Establish a clear, external source of validation (e.g., your chosen customers) rather than internal stakeholders, and communicate this alignment to your team and superiors to streamline decision-making.

10. Deliberately Choose Distribution

Make an intentional choice about your product’s distribution channels early on, as this decision profoundly impacts product design, marketing, and overall business model.

11. Prioritize User Empathy

Always design products with profound empathy for the user, recognizing that any user confusion or difficulty is a product failure, not a user error.

12. Build Network Effects

Design your software products to inherently improve for users when they invite others, ensuring that word-of-mouth marketing is a natural outcome of the product’s value proposition.

13. Relentlessly Improve Standards

Continuously raise your “spec” or quality criteria, focusing on delighting the end-user rather than achieving personal perfection, and ship when the improved spec is met.

14. Manage Project Constraints

Plan projects to account for unexpected issues, avoid running out of time or money, and deliver within agreed-upon constraints, as professionals anticipate challenges rather than seeking extensions.

15. Cultivate Good Taste

Aim to understand and anticipate what your target audience desires before they explicitly know it, creating products or experiences that delight them unexpectedly.

16. Embrace Job Excellence

Regardless of your job, understand its boundaries and strive to be the best you can be within those limits, finding personal satisfaction in delighting others, rather than just doing the bare minimum.

17. Use AI as Editor

Leverage AI tools like Claude as a writing assistant to identify gaps in your content, challenge claims, and refine your writing style, treating it as a patient editor to improve your work.

Quality is not luxury. Quality is not perfection. Quality means meeting spec.

Seth Godin

AI very soon is going to stop being a feature, the same way electricity is not a feature.

Seth Godin

A brand is a promise. It's what do I expect from you? It's would I miss you if you were gone?

Seth Godin

Tension is at the heart of every art form and every innovation.

Seth Godin

The word remarkable means worth making a remark about.

Seth Godin

The secret to leadership is simple. Do what you believe. Paint a picture of the future. Go there.
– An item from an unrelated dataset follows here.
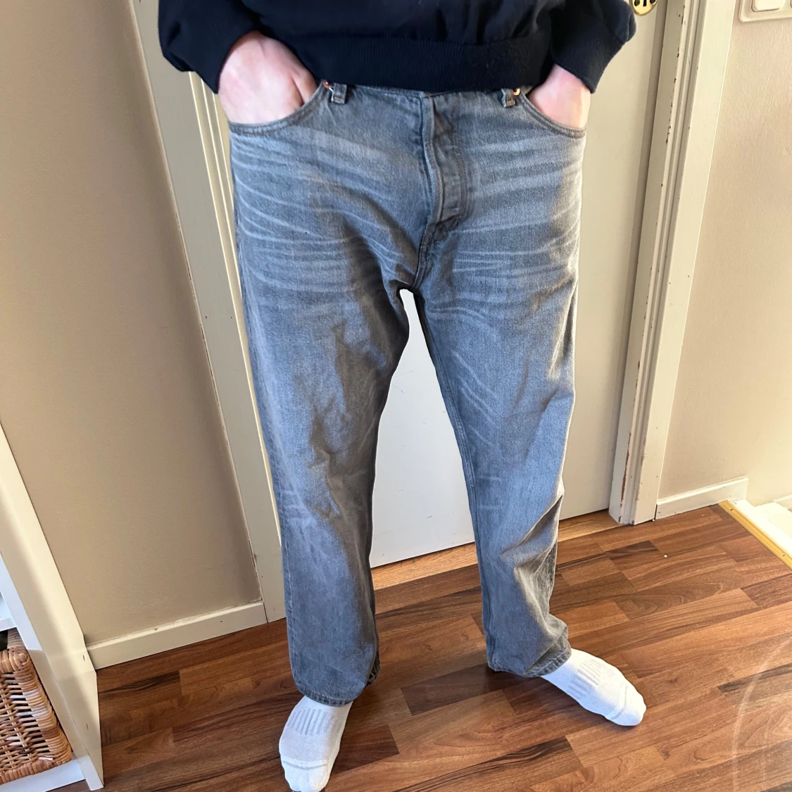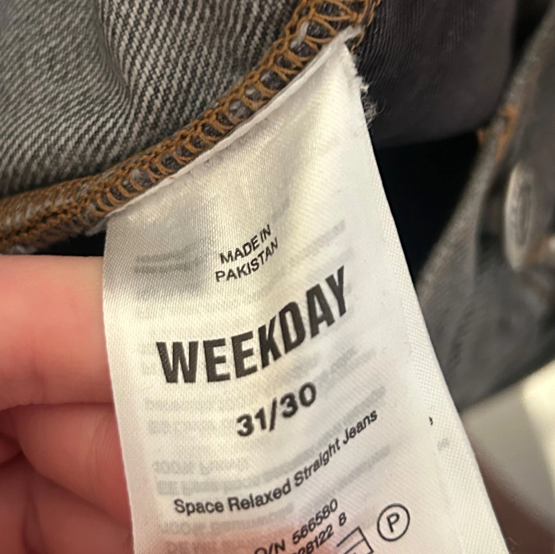 Grå jeans från Weekday i modellen Space Relaxed Straight. Storlek 31/30

People will follow.

Seth Godin
21
Seth Godin's published books Including 18 international bestsellers.
Almost 10,000
Seth Godin's blog posts in a row The 10,000th post is expected at the beginning of 2025.
30th
Seth Godin's employee number at Spinnaker Software His first real job as a product manager.
40
Engineers working on Seth Godin's project at Spinnaker Engineers working for him without reporting to him.
22 days
Days Seth Godin did not leave the office during a crunch period To ensure software shipment and save the company.
183 links
Links on Yahoo homepage (compared to Google at launch) Google had only two buttons on its homepage.
2.4 seconds
Tesla Model S 0-60 mph acceleration in ludicrous mode A feature that created customer traction and conversation.
More than 100%
Ford F-150's contribution to Ford's profit In some years, indicating its critical importance to the company.